As per our philosophy, in structuring the debt portfolio, the objective should to reduce risk and not increase returns. So, we do not suggest credit or interest rates or concentration risk and follow a highly diversified approach through well researched high-quality portfolios of low duration debt mutual funds. Such structuring provides confidence to investors to better focus on equity portfolio from where the objective is high returns.
In general, when investors think of equity, they first think of high risk first and then return and this is where they make mistakes. Ultimately, as investor focus is on reducing risk, investors take exposure in every theme(International, Gold, Balanced, Hybrid), every type of fund/portfolio, and eventually ends up owning over–diversified portfolio that grossly underperforms even in long term period of 10 years.
As per our investing philosophy, in structuring the equity portfolio, the time horizon is clearly 5 to 10 years, so the objective should be to enhance returns and not reduce risk. So, we follow a less diversified approach through Best PMS & AIF products, along with the Best Focused category of Mutual Funds
We follow a very simple, open-ended approach to building clean debt and quality equity portfolio and then work with clients to ensure they hold such good investments with confidence and high conviction.
A Quality Portfolio for Equity investments is the one that is not too much diversified, & still offers the best risk-adjusted returns.
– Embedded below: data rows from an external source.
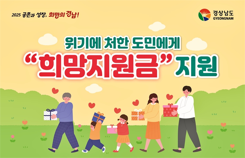 경남도는 19일 올해 처음 도입한 경남형 긴급복지 사업인 '희망지원금'이 도움이 필요한 더 많은 도민에게 돌아갈 수 있도록 사업 모니터링과 홍보를 강화해 나가겠다고 밝혔다.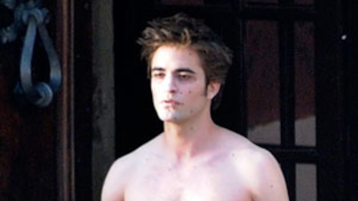 Robert Pattinson is shirtless, ladies! Yowzah! Photogs snapped this pic of the 23-year-old mega-heartthrob and his rock-hard body while shooting "New Moon" in Montepulciano, Italy.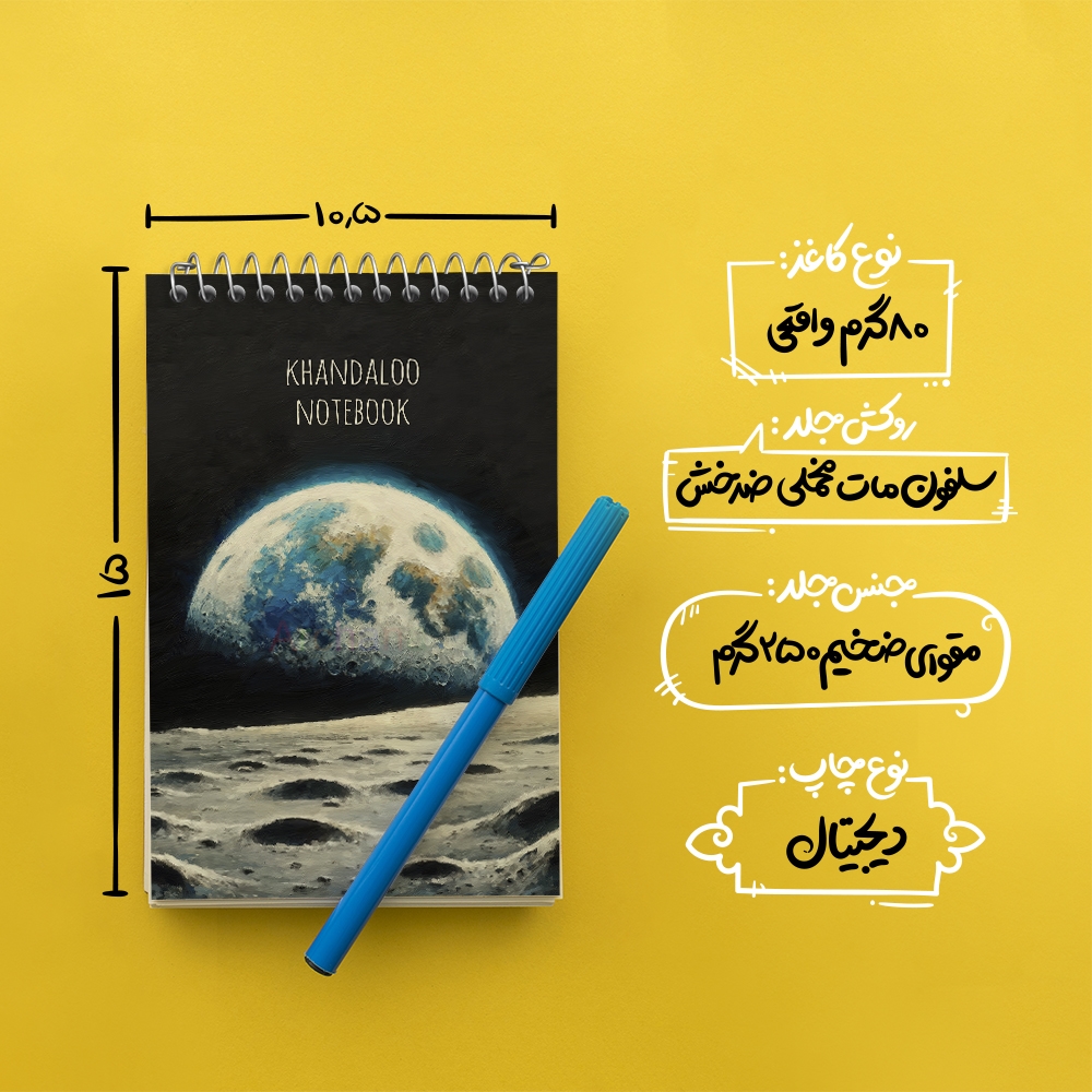 برند خندالو در زمینه تولید انواع دفاتر فانتزی و تحصیلی فعالیت میکند که به دلیل جذابیت ظاهری و طرح های متنوع طرفداران زیادی دارد. دفتر یادداشت خندالو طرح ماه و زمین محصولی مناسب برای همه عاشقان لوازم التحریر است و همچنین همه کسانی که بنا به موقعیت تحصیل یا شغلشان با دفتر و نوشت افزار زیاد سر و کار دارند. در تولید دفتر یادداشت خندالو طرح ماه و زمین از نوع صحافی فنر مارپیچ استفاده شده که در این نوع صحافی برگهها به راحتی چرخیده و یا بیرون آورده می شوند. دفتر های خندالو دارای جلد انعطاف پذیر از جنس مقوای گلاسه 250 گرم با روکش سلفون مات مخملی است که به شما امکان میدهد از دفتر خود بدون اینکه نگرانی از شکستن یا خراب شدن جلد را داشته باشید استفاده کنید و همچنین در این دفاتر از کاغذ 80 گرم با کیفیت استفاده شده که باعث میشود هنگام نوشتن به خوبی جوهر قلم بر روی صفحه نشسته و از خط خوردگیها جلوگیری کند. دفتر یادداشت خندالو با جنس و دوام مناسب، برگه های کاملاً سفید و خطوط طوسی دقیق را داراست که انسان را به نوشتن منظم و زیبا ترغیب میکند. طراحی کاملاً مناسب این دفاتر، به همراه کیفیت بالا، از آن یک محصول مورد علاقه و قابل اعتماد برای همه مقاطع تحصیلی میسازد. دفتر یادداشت خندالو طرح ماه و زمین انتخابی هوشمندانه و مناسب برای افرادی است که به دنبال دفتری با کیفیت و کاربرد عالی هستند. این دفتر، همراه خوبی برای شما در تمام مراحل تحصیل و کار خواهد بود و تجربهای لذتبخش از نوشتن و آموختن را به شما هدیه میدهد.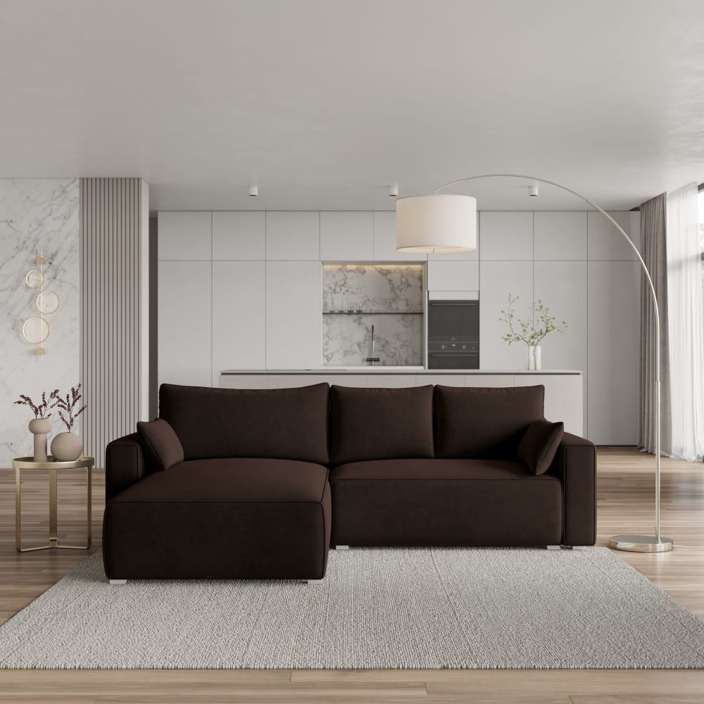 Ecksofa mit Schlaffunktion aus Velours-Stoff, Braun von Masseno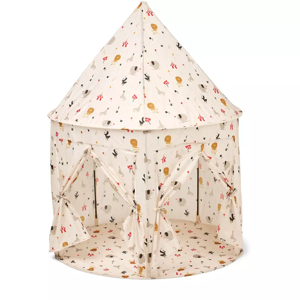 Liewood Oaks pop-up leikkiteltta luo lapselle oman mukavan paikan kotona ja kannustaa mielikuvitukselliseen leikkiin. Leikkiteltta sopii käyttöön niin pienille, kuin jo hieman isommillekin lapsille. Teltan ikkunoita ja sivuja saa avattua eri tavoin ja muokattua niitä erilaisten leikkien mukaan. Teltan beigessä pohjakankaassa on hauskoja sirkusaiheisia hahmoja ja kuvioita. Teltan mukana tulee säilytyspussi sekä kasaukseen tarvittavat osat. Teltta on nopea kasata takaisin säilytyspussiinsa ja se on helppo säilyttää.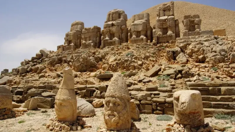 Düşünün, heykeller 8-10 metre yüksekliğinde ve kireçtaşı bloklarından özenle yapılmış! Doğu, batı ve kuzey teraslarına yayılmış bu devasa yapılar, Helenistik Dönem’in en etkileyici kalıntılarından biri olarak gözlerimizi kamaştırıyor. Antik çağda, bu bölge Kommagene olarak anılırken, I. Mithradates döneminde bağımsız bir krallık olarak önemli bir yere sahipti. Ancak ne yazık ki, M.S. 72 yılında Roma’ya karşı kaybedilen bir savaş sonrasında bu bağımsızlık sona erdi.

With us, this is identified through unbiased selection based on our proprietary analytics. It’s easy to socialize and sell products, which is what most wealth managers do. We’re reshaping the wealth management industry by sticking to basics, in-depth analytics. We maintain insight + integrity and aim at the long term prosperity of clients.t decisions.
It is easy to aspire for a long term horizon when making an investment, but practically very difficult to maintain. With us, this is achieved through our educative super simple & articulate proprietary content. Holding on to the portfolio requires high conviction in the portfolio at all points of time, else, one tends to exit early owing to the traps of emotions or impatience. We ensure our clients make informed investment decisions.
We believe that great returns are generated when the right investments are made and not just the right purchases. So, we are driven by a core motive of assisting you in taking the right investment decisions. This makes us focus specifically on ‘You’, and Operate in a transparent and unbiased manner.
Asset Allocation that line with your risk – return profile
Asset allocation play the most important role in determining the overall portfolio performance. Your investments should reflect the risk you can afford to take and practical way of ascertaining the same is such asset allocation which is right, suitable and in line with future goals. We helps you create a balanced portfolio keeping all this in mind to so that it is just in line with your risk – return profile
Selection of products basis 5P Analysis & QRC Attributes
We analyse each product, in terms of its features, suitability, and appropriateness to market level & investors risk profile, before any recommendation. We identify & select best portfolios on the basis of 5 P Analysis across Philosophy, People, Performance, Portfolio and Price. All this objective & subjective analysis is performance to ascertain Quality, Risk, and Consistency attributes of portfolios.
Number of products that are just appropriate
Most portfolios underperform because in the hands of product sellers, investors keep adding new products leading to over-diversification disorder. We track portfolio performance and ensure right diversification.
Returns that are Optimal & tax efficient
Any strategic action taken on portfolio cannot ignore tax implications as taxes could be spoiling returns generated over years. We make decisions that are meant to generate not just the gross returns, but post tax net returns.
Expenses that are Low & minimum
They compound over time and impact your portfolio returns. We are driven by our clients’ interests, so, we prefer to select low-cost products and add ETFs, and Index Fund to ensure that expenses are as low as possible.